ACTION ITEM ▸ Please output only the lines that begin at the line with "We have the following table for y = 2x+1" and run through the end of the entries below, exactly as written. Drop all pictures.

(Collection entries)

• • • • • • •

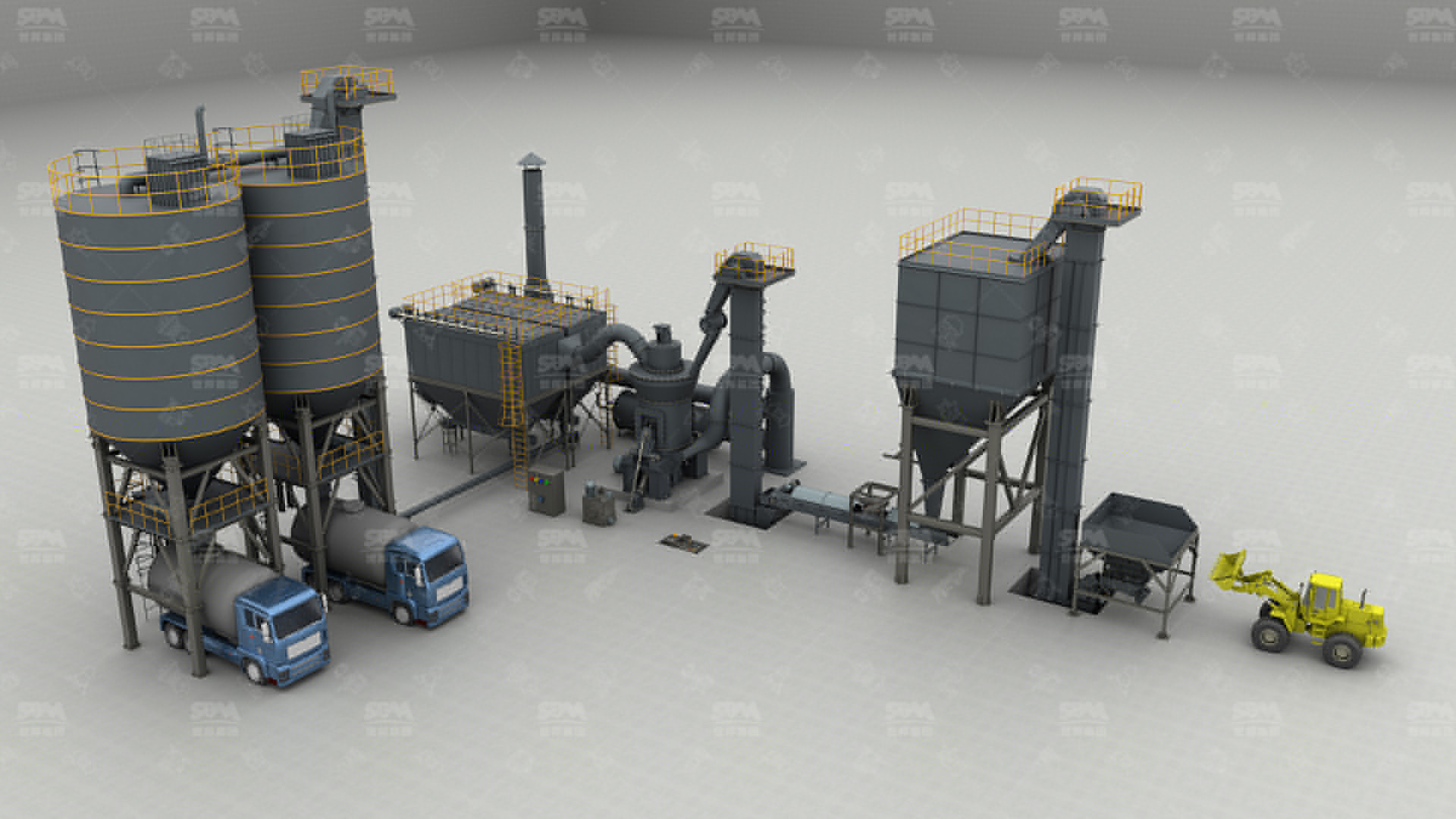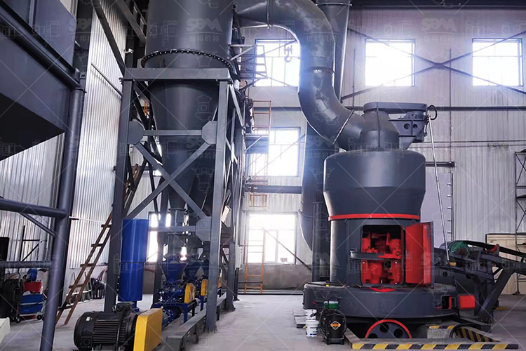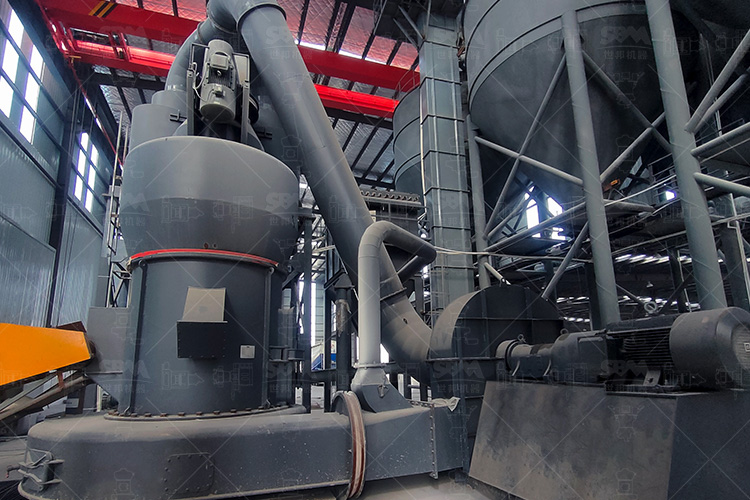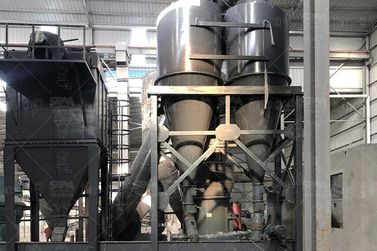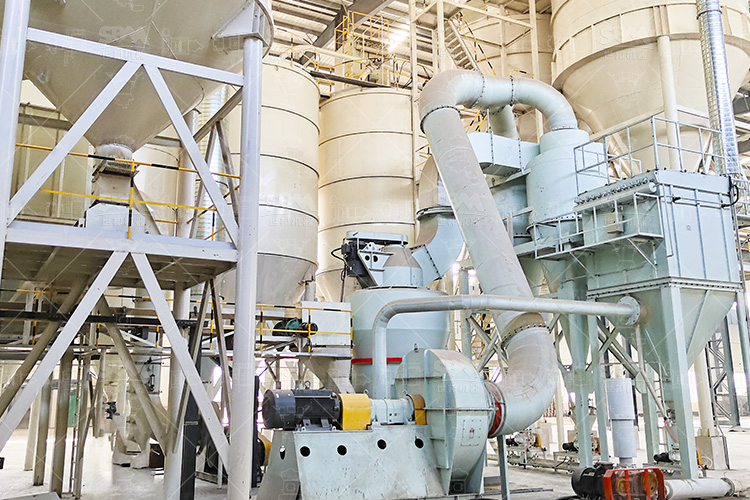 原料經(jīng)變頻皮帶給料機均勻定量連續(xù)地送入主機磨室內(nèi)進行研磨。粉磨后的物料被風機氣流送入選粉機進行分級,在分析機的作用下,不符合細度要求的物料落入磨室內(nèi)重新碾磨,合格的物料則隨氣流經(jīng)管道進入旋風集粉器內(nèi),進行分離收集,經(jīng)排料裝置排出即為成品粉體。分離后的氣流通過旋風集粉器上端回風管進入風機。該生產(chǎn)系統(tǒng)在負壓密閉條件下運行,并配有脈沖除塵器無粉塵外溢,符合國家環(huán)保標準。
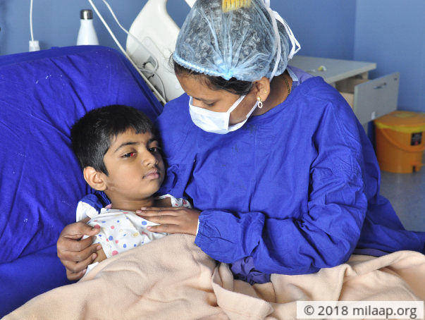 “In the past 15 months he’s been admitted to the hospital 12 times. His disease is so rare and mysterious. He starts bleeding randomly from any part of his body. He keeps losing blood every now and then and his condition gets worse with infections. His transplant should have happened a year ago but we just can’t afford it and if he keeps losing blood, my son will lose his life.” – Asmita, Ayush’s mother6-year-old Ayush has survived with a rare but deadly bone disease for over a year but now, he doesn’t have long before his body gives up. His only hope lies in undergoing an urgent bone marrow transplant. His father, Anil, has been matched as a donor too but, he’s desperately running out of time to save his son’s life.Ayush has been tormented with an extremely rare diseaseAyush’s constant pale skin frightened his mother but to her horror, in late January 2017, he was diagnosed with an extremely rare bone marrow disease called aplastic anemia.“His disease has become
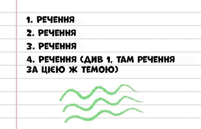 Кожну тезу або речення пишіть з нового рядка, при цьому нумеруючи. Такий конспект дуже зручно повторювати та завчати.
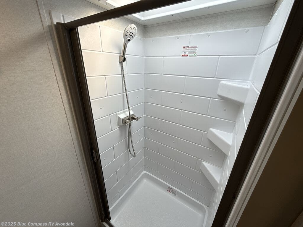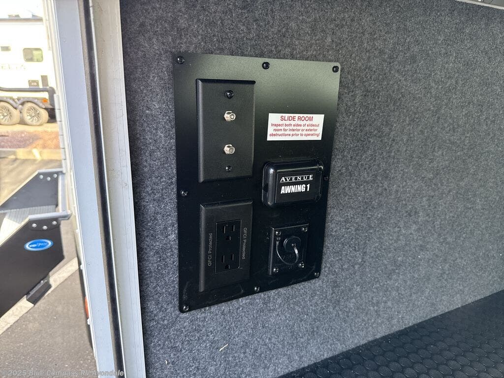 A benchmark chassis creates a space saver upper deck with each one of these Avenue All-Access fifth wheels by Alliance RV! The 101 in. wide-body construction gives you more room to walk around and the flush slide out floors throughout prevent any tripping. There are composite sidewalls inside and out, and PVC roof for extreme durability. You are sure to love no carpet throughout making each Avenue All-Access easy to clean and allergen free, not to mention pet friendly. You can maximize your space throughout with innovative storage solutions like the hidden storage behind the TV, inside the end tables, ottoman, and dinette chairs. These units also include the OTG Solar Package with a 200 watt solar panel, 15 amp MPPT charger, multiple outlets, and more to keep you powered up!
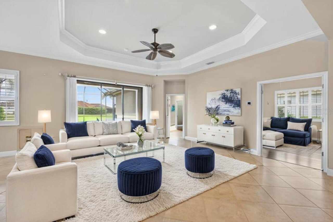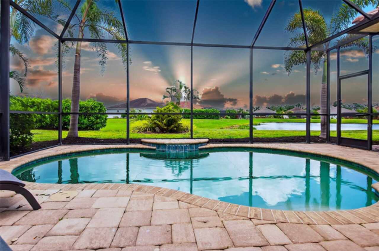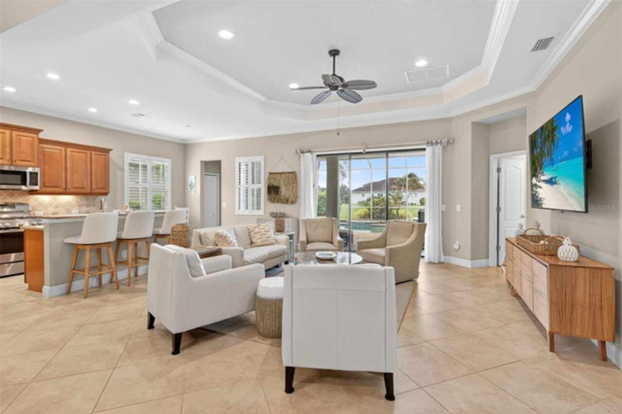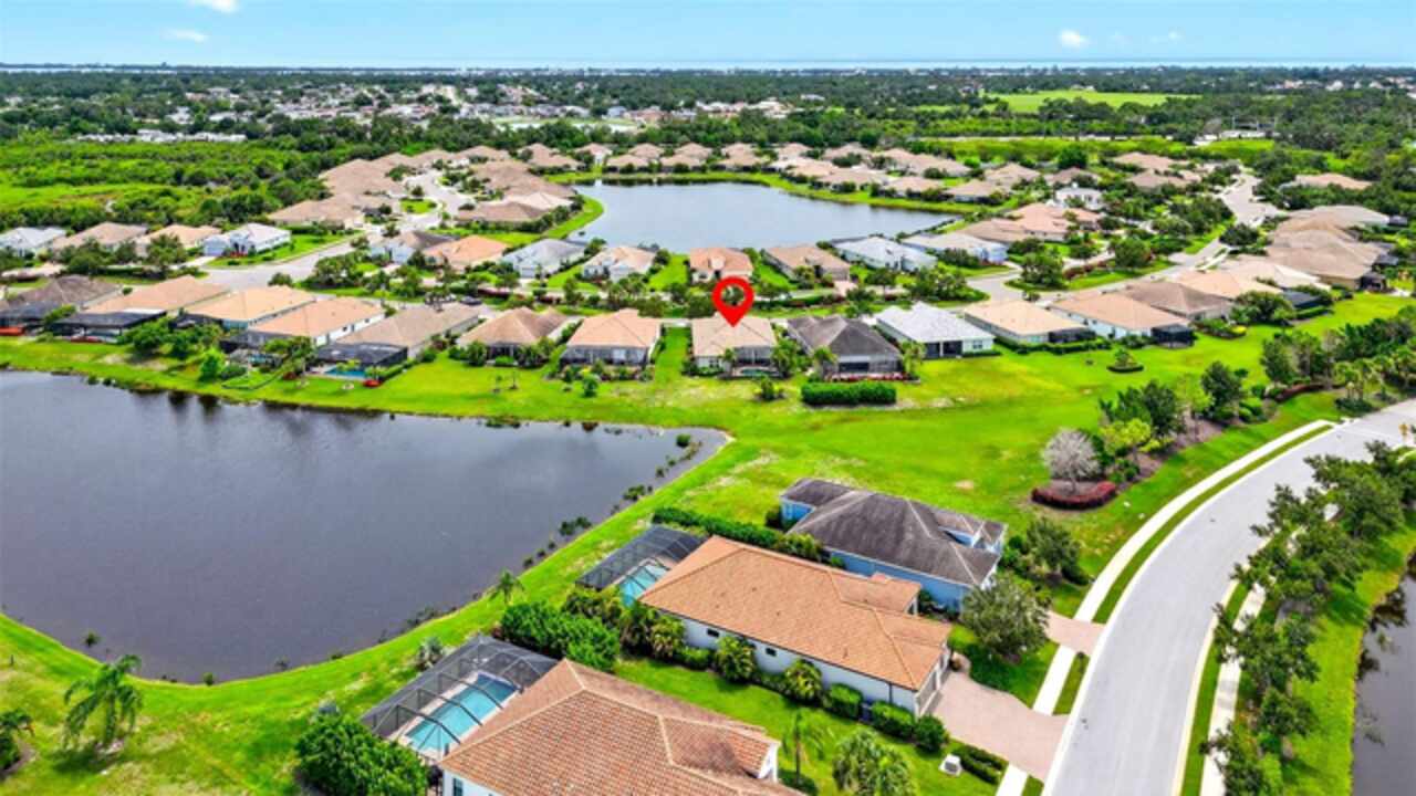 One or more photo(s) has been virtually staged. *LAKE VIEW*, *PRIVATE HEATED POOL*, *LARGE EXTENDED LANAI*, *MANY CUSTOM UPGRADES THROUGHOUT* *SOCIAL & FITNESS MEMBERSHIP DUES ARE INCLUDED IN THE HOA FEE* *NO CDD FEE* *NOT IN A FLOOD ZONE* The COMMUNITY POOL AND SPA are just block away. *BRAND NEW FLOORING IN THE DEN/OFFICE*, *NEW HVAC SYSTEM*, *NEW WATER HEATER*, *NEW POOL & HEAT PUMP*, *NEW WATER PURIFYING SYSTEM*, *HURRICANE SHUTTERS*, *ELECTRIC SHUTTERS AT THE LANAI*, *PLANTATION SHUTTERS*, *TRAY CEILING*, *CROWN MOLDING*, *CERAMIC TILES IN THE LIVING AREA* and more. The HOA fees include landscape maintenance (lawn mowing, fertilizing, mulching, fungus/insect treatment etc), irrigation, the electronically monitored gated entry systems for the homeowners and new gate with 24hr guard, maintenance of the private roads, full-time on-site manager, a large heated community pool with spa and a large gas grill plus social & fitness membership. Very welcoming CUSTOM-DESIGNED property boasts 2231 sq ft with 3BD / 2.5BA + large DEN / OFFICE and a HEATED PRIVATE POOL overlooking the lake. This home features open concept gourmet kitchen with a gas stove, breakfast bar, real wood cabinets, granite counters and walk-in pantry, -laundry room with custom cabinets for extra storage, -very spacious, airy and inviting living space with a formal dining area, -private, luxury primary en-suite with large bedroom, walk-in closets and a oversized bathroom with 2 separate vanities, fully tiled walk-in shower and a private toilet. 2 additional good size bedrooms with built-in closets share the elegant guest bathroom with single vanity, bathtub with overhead shower, and the linen closet. The split-bedroom floor plan gives lots of privacy for the guests to ensure comfort of their stay. Extended lanai with a private pool overlooking the lake is an ideal place for you to spend time outdoors, enjoying your time with family & friends grilling, swimming, relaxing or simply chilling admiring the beauty of the view! This very popular community of Boca Royale offers many optional activities like playing golf, tennis, fitness center, community pool, spa, pickleball, dining restaurant, dog park and more. Fantastic location to enjoy the natural beauty of the Sunshine State with access to multiple nature parks nearby, beautiful trails, world-famous public beaches within a few miles of the community and much more. Just minutes from local restaurants, shopping and medical centers.THIS IS A MUST SEE WATERFRONT HOME. Everything you've desired is right here! Take action to call this beautiful, like-model home and this dream lifestyle yours! Schedule your showing today! ***Please check out the 3D tour!***
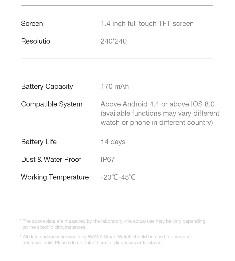 Название продукта: умные часы SANLEPUSРазмер: 43*36,6*9,3 мм (1,69*1,44*0,37 дюйма)Длина ремешка: 258 мм (10,16 дюйма)Вес: 46 гЭкран: 1,4 дюймов полный сенсорный экран на тонкопленочных транзисторах на тонкоплёночных транзисторах ЭкранРазрешение: 240*240Емкость аккумулятора: 170 мАчСовместимая система: выше Android 4,4 или выше IOS 8,0 (Доступные функции могут отличаться от функций часов или телефона в разных странах)Срок службы батареи: 14 днейЗащита от пыли и воды: IP67Рабочая температура:-20 ℃-45 ℃* Приведенные выше данные измеряются лабораторией, фактическое использование может варьироваться в зависимости от конкретных обстоятельств.* Все данные и измерения смарт-часов SANLEPUS должны использоваться только для личной справки. Пожалуйста, не принимайте их для диагностики или лечения.
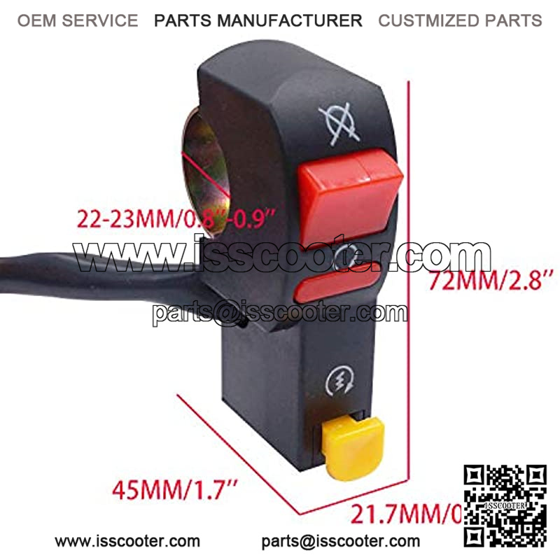 Switch Size(Approx): 21.7x72x45MM/0.85”x2.8”x1.7”;Install diameter: 7/8″ 22mm;Handlebar switch is used on DC 12V electrical system
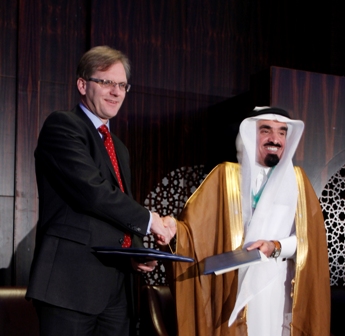 Vernon Soare, ICAEW’s Executive Director exchanges official documents with Mohammed Salih Al-Obailan, the Chairman of GCCAAO, after the two Faculties signed an agreement to develop an Audit Quality Monitoring Programme for the GCC countries.
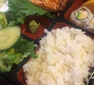 Includes the menu user reviews. Served with your choice of Egg Drop Miso or Hot Sour soup. Chicken teriyaki fried rice spring roll orange slices and salad.
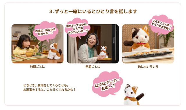 関連キーワード【ねこ ぬいぐるみ しゃべる 三毛猫 みけねこ おしゃべり人形 会話 女の子 こんにちニャン!みけねこミミコ 送料無料 ポイント 倍〜7倍 ねこちゃん グッズ みけねこ ミミコ シニア向け おしゃべりぬいぐるみ 人工知能型ロボット パートナーズ 人形 脳トレ 会話 音声認識人形 ボケ 防止 介護用品】
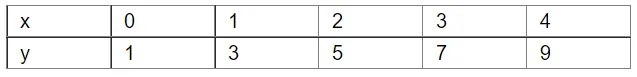 We have the following table for y = 2x+1
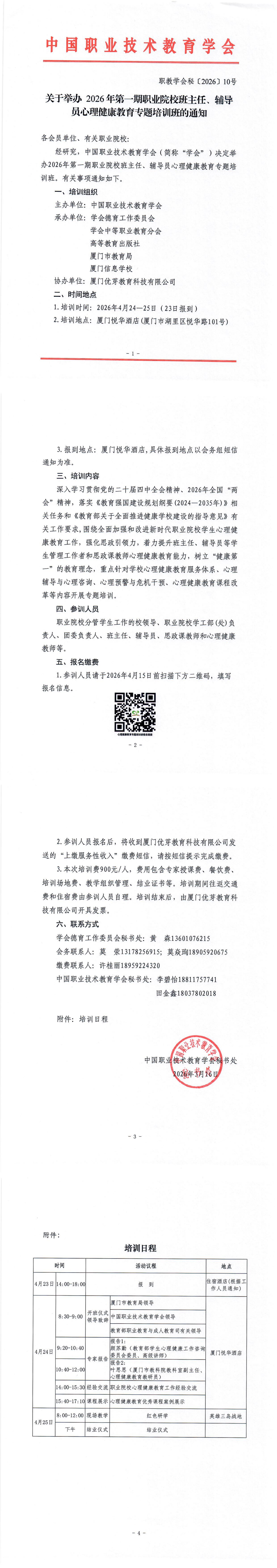 关于举办 2026年第一期职业院校班主任、辅导员心理健康教育专题培训班的通知

• • • • • • •

COMPLETED EXERCISE ▸
 We have the following table for y = 2x+1
 关于举办 2026年第一期职业院校班主任、辅导员心理健康教育专题培训班的通知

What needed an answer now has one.